Files Created/Modified
| File | Purpose |
|---|---|
.gitmessage |
Commit template |
.githooks/prepare-commit-msg |
Injects diff into commit message |
.githooks/post-commit |
Workplan reminder after commits |
.githooks/post-checkout |
Context on branch switch |
.githooks/README.md |
Instructions for enabling hooks |
.github/ISSUE_TEMPLATE/bug_report.md |
Bug report template |
.github/ISSUE_TEMPLATE/feature_request.md |
Feature request template |
.github/ISSUE_TEMPLATE/performance.md |
Performance issue template |
.github/PULL_REQUEST_TEMPLATE.md |
PR template |
CLAUDE.md |
AI context file |
workplan.txt |
Now tracked in git |
Summary
This session transformed the repository from “just code” into a structured development environment optimized for AI assistance.
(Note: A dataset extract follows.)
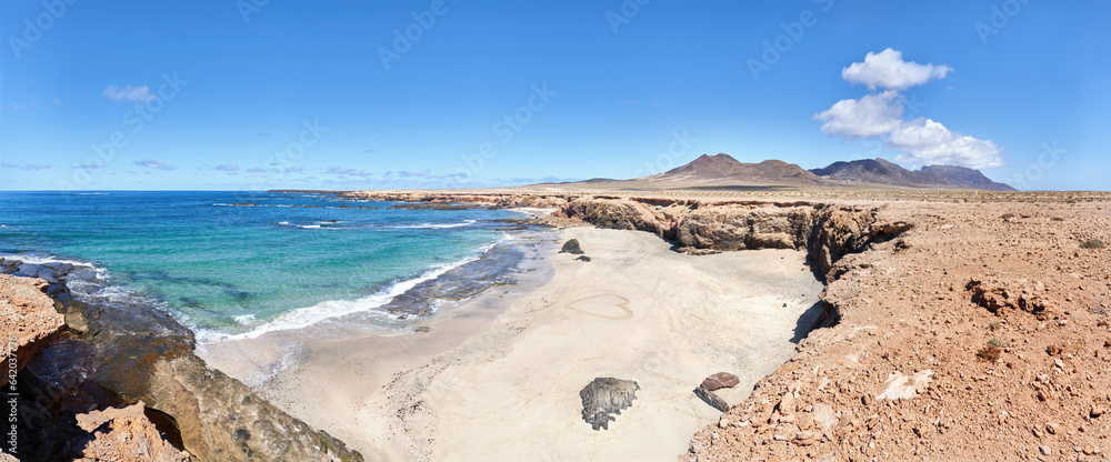 Strand Playa de los Ojos an der Südspitze von Fuerteventura, Kanarische Inseln mit einem riesigen Herz im Sand - Panorama Blick vom Plateau neben der Strasse bei Ebbe

The key innovation is automatic context injection - rather than relying on the AI to remember to check things, the system surfaces relevant information at the right moments.
The workflow is lightweight (no complex tooling beyond git and gh CLI) but provides significant benefits:
- Consistent commit messages with risk assessment
- Automatic diff review before every commit
- Continuous visibility into project priorities
- Standardized issue and PR formats
- Rich git history that serves as documentation
Total time: ~1 hour to set up a workflow that will save many hours in future sessions.